→ **Activity**:
Where the data below begins, start retyping exactly, and end on the line with "9CT WHITE GOLD", which is included; no picture goes in.

→ **Information provided**:
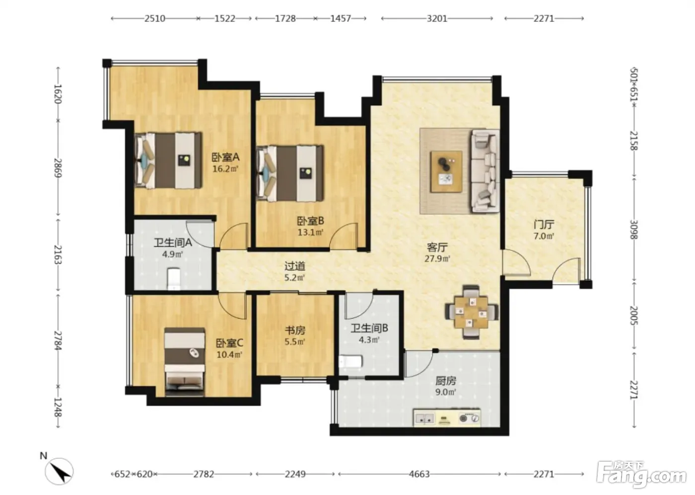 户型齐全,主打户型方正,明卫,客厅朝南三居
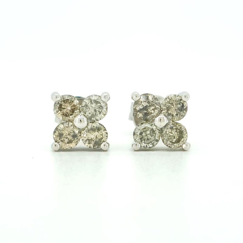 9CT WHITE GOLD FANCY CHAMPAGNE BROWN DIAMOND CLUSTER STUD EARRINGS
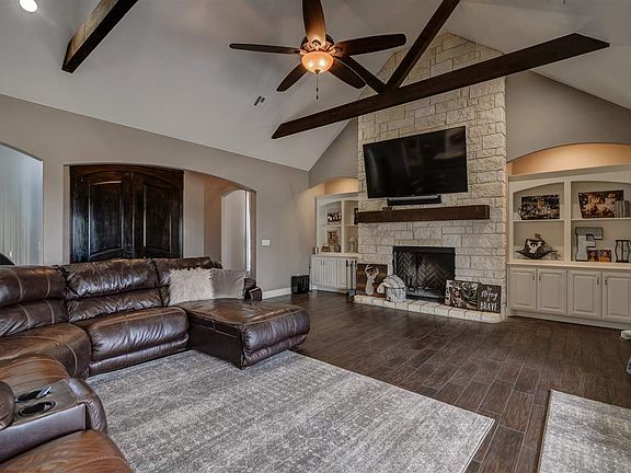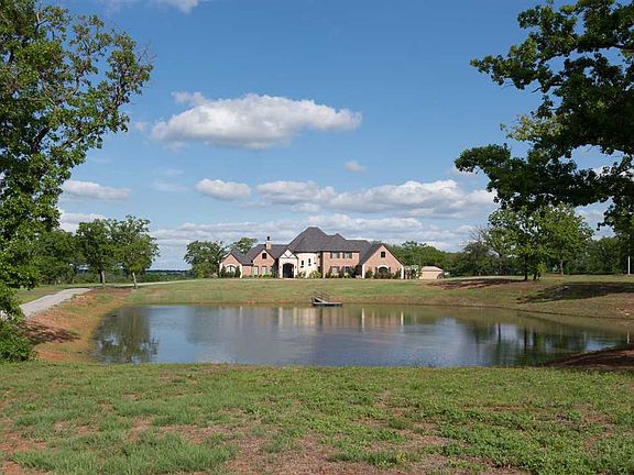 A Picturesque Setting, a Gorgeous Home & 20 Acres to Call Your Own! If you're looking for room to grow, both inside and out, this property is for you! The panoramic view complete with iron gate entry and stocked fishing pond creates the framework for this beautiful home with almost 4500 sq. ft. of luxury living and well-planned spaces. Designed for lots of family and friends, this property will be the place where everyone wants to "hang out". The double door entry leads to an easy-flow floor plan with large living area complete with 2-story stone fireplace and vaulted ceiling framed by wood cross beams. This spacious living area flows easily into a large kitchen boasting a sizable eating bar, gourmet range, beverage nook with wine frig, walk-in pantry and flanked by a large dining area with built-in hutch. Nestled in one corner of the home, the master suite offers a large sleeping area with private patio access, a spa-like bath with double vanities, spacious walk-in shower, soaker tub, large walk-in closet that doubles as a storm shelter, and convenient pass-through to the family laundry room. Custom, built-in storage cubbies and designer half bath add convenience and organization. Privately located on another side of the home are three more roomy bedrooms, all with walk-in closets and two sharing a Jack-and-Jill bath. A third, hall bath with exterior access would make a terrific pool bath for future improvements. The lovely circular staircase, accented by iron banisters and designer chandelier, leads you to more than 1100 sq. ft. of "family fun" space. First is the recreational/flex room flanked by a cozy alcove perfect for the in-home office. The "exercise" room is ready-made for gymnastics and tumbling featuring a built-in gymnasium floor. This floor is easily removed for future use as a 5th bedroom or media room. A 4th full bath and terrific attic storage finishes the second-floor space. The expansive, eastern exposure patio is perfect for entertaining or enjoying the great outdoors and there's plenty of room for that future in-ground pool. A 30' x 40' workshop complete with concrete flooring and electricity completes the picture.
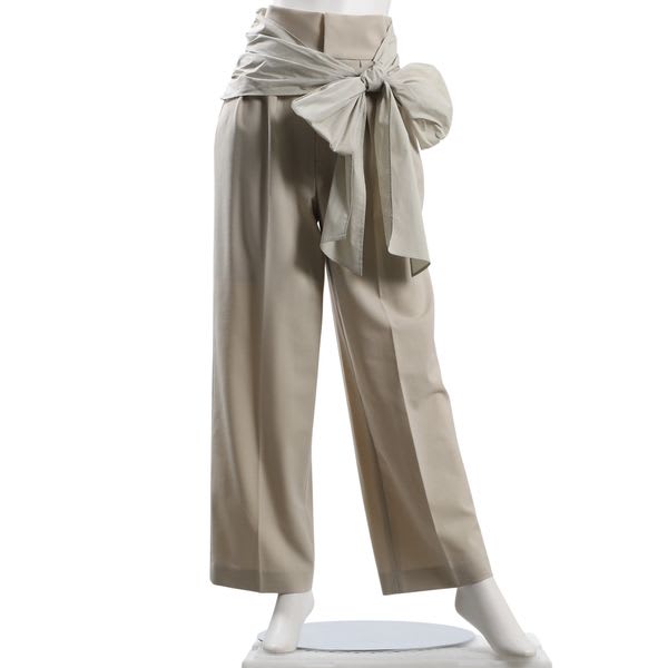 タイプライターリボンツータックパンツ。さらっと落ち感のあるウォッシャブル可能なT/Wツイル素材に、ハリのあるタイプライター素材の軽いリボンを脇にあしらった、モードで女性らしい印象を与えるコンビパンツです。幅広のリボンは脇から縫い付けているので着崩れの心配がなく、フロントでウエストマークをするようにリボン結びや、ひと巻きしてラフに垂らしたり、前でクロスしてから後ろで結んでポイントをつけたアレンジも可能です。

→ **Written response**:
 户型齐全,主打户型方正,明卫,客厅朝南三居
 9CT WHITE GOLD FANCY CHAMPAGNE BROWN DIAMOND CLUSTER STUD EARRINGS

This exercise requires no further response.